*WORK REQUIRED*:
Here is the task for the listing below: output exactly the lines from the one containing "2023 صيف جديد" through the one containing "Fabricada con placa", and leave out the pictures.

*DATA UNDER STUDY*:
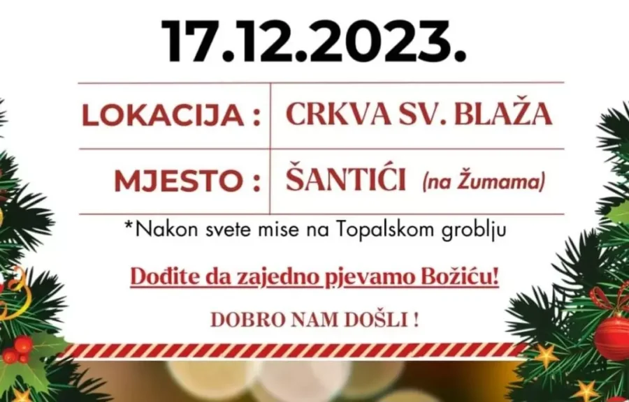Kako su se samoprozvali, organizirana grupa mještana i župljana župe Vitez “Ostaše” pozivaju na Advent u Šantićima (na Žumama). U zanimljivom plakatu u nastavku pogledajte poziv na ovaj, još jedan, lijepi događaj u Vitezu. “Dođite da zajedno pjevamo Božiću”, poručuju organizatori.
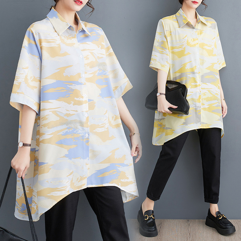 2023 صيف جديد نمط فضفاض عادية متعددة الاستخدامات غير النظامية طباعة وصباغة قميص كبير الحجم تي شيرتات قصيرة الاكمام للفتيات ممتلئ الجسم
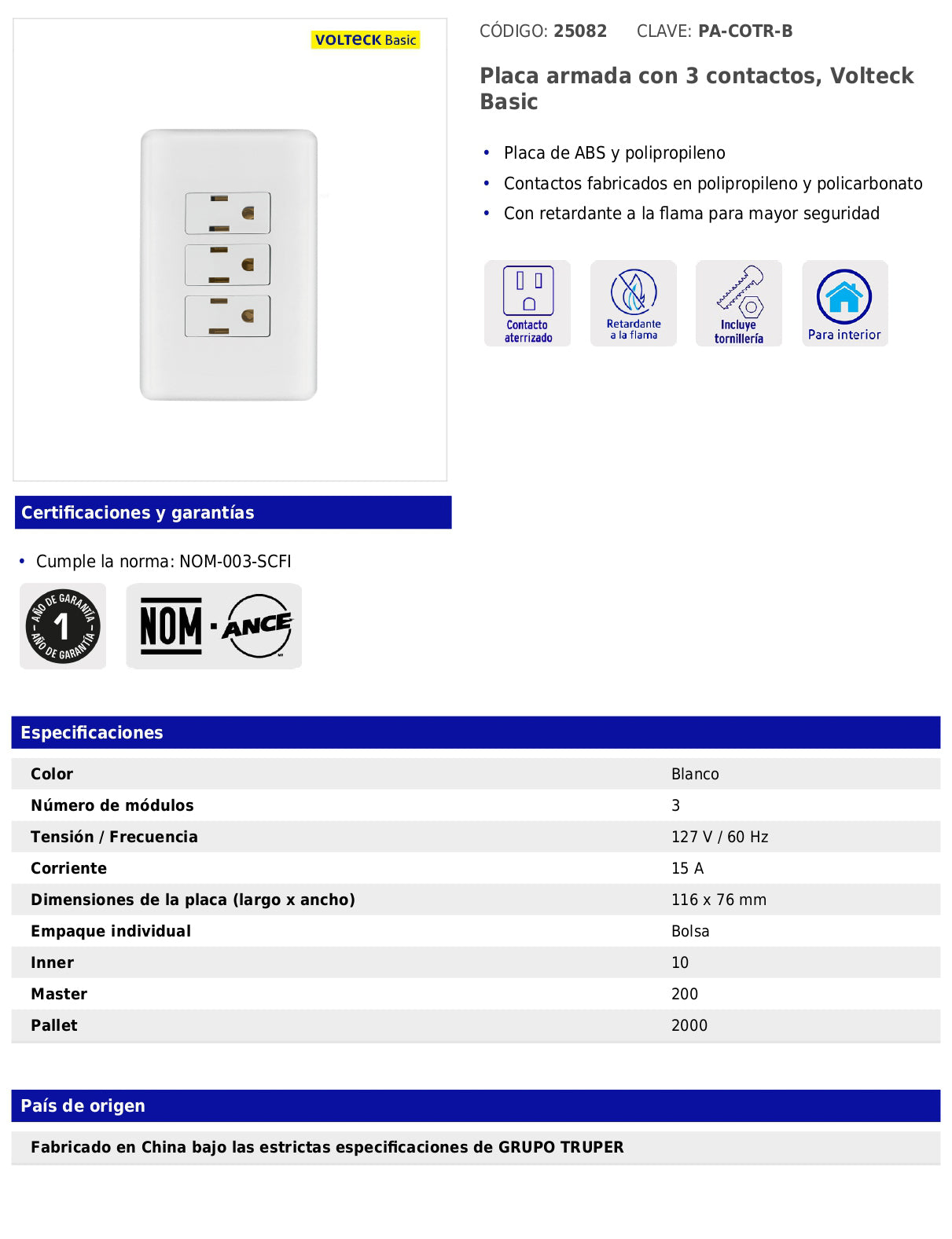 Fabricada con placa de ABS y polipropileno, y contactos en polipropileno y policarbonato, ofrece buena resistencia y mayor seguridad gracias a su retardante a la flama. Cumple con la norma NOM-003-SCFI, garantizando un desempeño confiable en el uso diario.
* * *
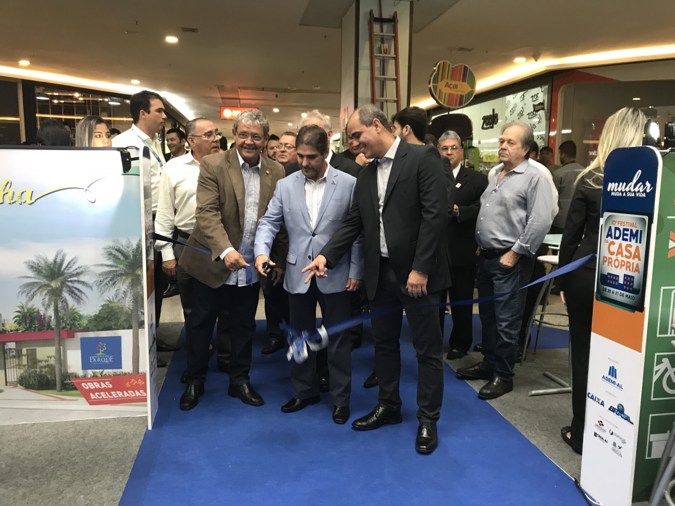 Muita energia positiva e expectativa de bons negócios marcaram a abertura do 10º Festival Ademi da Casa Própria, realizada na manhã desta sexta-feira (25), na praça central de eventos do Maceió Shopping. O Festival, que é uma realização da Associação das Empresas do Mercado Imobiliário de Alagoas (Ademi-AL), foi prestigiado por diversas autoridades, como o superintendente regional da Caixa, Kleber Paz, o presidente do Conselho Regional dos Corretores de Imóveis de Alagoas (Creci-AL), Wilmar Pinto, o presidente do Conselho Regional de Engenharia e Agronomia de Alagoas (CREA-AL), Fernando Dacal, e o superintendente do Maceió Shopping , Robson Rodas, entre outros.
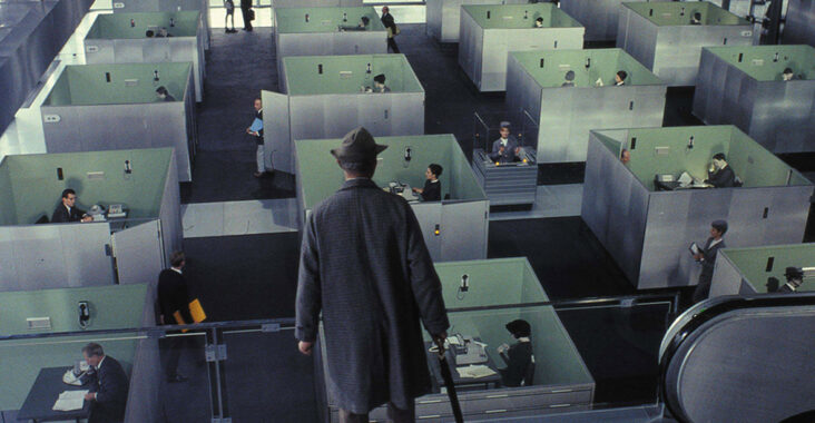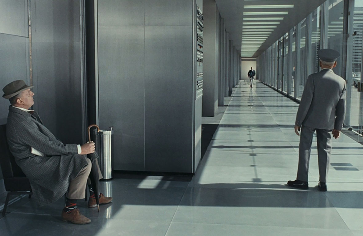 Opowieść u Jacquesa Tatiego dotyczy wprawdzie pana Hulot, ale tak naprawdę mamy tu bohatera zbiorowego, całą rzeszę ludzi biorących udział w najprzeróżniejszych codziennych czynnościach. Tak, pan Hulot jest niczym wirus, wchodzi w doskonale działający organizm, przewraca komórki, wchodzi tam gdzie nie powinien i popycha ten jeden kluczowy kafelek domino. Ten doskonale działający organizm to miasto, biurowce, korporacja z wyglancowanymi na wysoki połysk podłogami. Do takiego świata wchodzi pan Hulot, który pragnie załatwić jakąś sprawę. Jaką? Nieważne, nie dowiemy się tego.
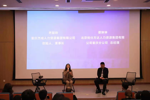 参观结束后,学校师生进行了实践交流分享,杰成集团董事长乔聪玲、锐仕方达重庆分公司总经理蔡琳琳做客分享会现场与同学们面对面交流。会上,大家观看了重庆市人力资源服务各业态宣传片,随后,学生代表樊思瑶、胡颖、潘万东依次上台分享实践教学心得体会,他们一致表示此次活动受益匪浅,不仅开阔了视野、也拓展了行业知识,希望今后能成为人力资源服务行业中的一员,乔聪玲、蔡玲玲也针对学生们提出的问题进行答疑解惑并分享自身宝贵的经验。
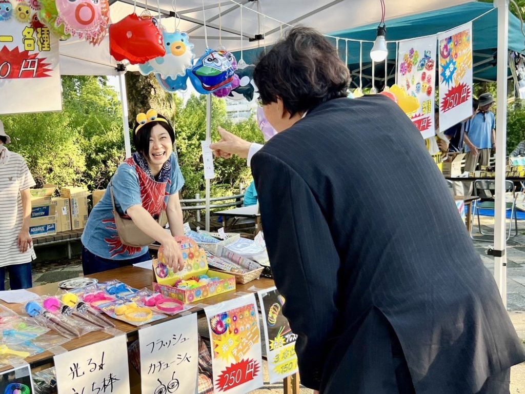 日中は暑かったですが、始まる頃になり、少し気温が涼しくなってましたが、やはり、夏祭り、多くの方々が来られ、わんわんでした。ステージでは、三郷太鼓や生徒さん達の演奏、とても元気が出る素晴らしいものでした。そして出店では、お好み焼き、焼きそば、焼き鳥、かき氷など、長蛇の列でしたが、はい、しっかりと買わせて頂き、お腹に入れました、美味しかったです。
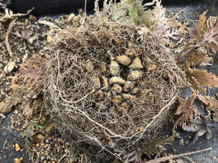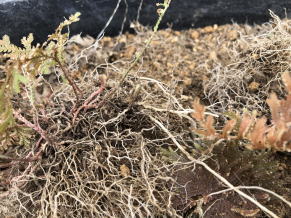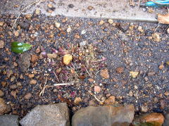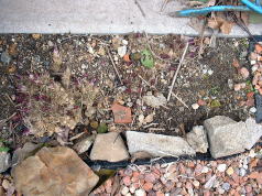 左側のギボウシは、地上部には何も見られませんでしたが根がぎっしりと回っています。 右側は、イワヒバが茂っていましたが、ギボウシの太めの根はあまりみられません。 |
* * *
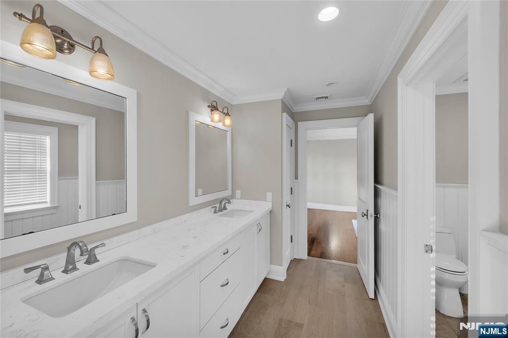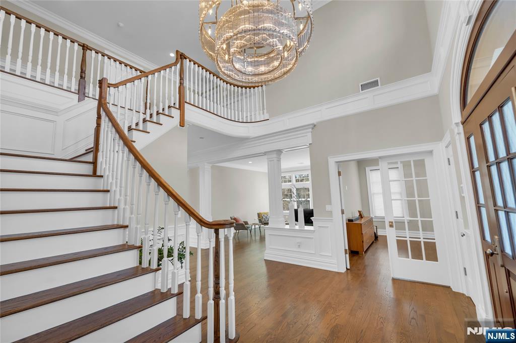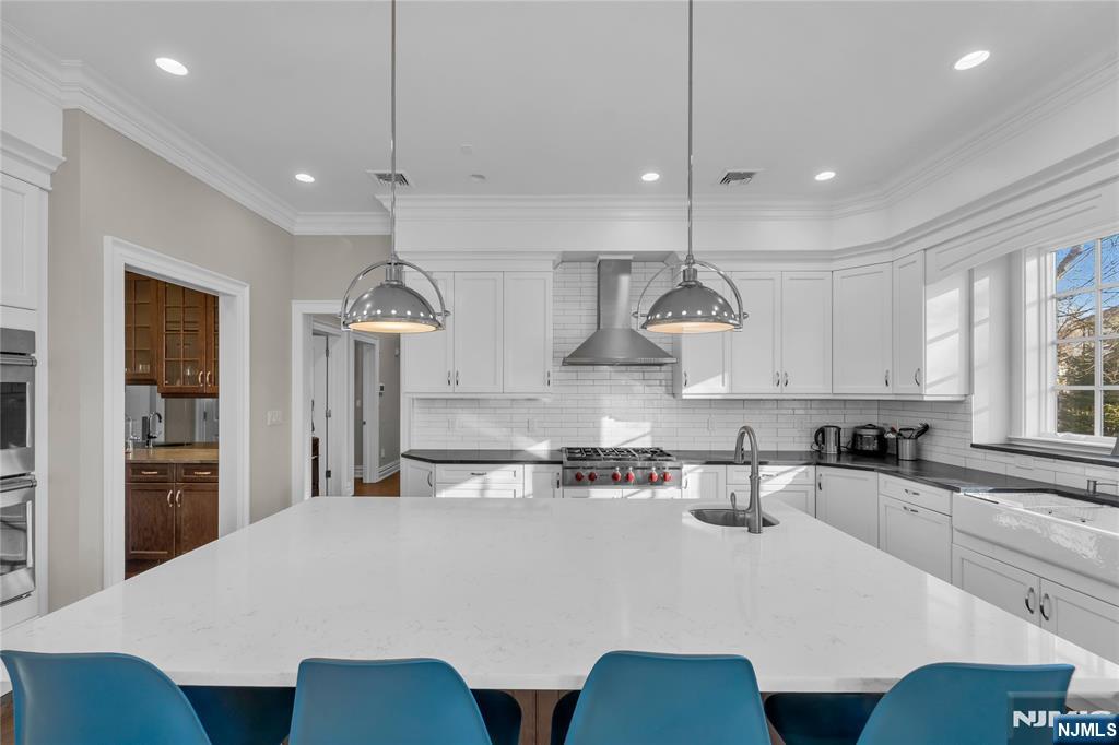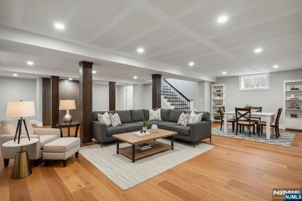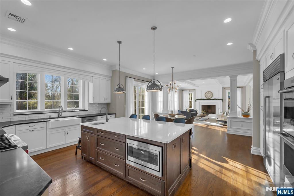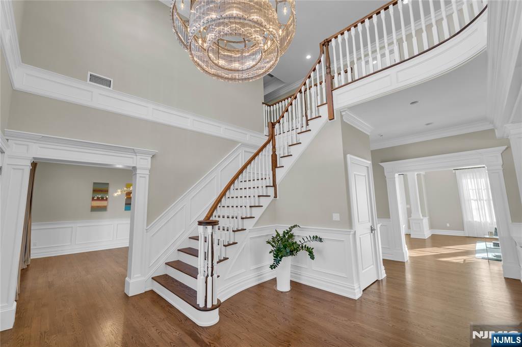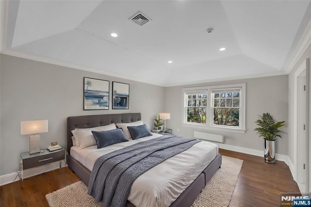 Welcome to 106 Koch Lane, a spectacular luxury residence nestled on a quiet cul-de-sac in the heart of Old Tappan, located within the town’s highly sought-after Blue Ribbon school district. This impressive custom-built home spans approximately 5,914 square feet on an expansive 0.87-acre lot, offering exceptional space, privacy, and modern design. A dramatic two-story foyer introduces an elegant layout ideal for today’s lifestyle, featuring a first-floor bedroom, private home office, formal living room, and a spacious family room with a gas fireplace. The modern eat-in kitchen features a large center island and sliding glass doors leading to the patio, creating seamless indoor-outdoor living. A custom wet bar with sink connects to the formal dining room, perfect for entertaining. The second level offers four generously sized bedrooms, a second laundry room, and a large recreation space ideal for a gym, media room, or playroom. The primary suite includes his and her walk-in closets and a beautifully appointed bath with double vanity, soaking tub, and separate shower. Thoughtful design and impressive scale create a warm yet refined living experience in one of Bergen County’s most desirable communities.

*COMPLETED EXERCISE*:
 2023 صيف جديد نمط فضفاض عادية متعددة الاستخدامات غير النظامية طباعة وصباغة قميص كبير الحجم تي شيرتات قصيرة الاكمام للفتيات ممتلئ الجسم
 Fabricada con placa de ABS y polipropileno, y contactos en polipropileno y policarbonato, ofrece buena resistencia y mayor seguridad gracias a su retardante a la flama. Cumple con la norma NOM-003-SCFI, garantizando un desempeño confiable en el uso diario.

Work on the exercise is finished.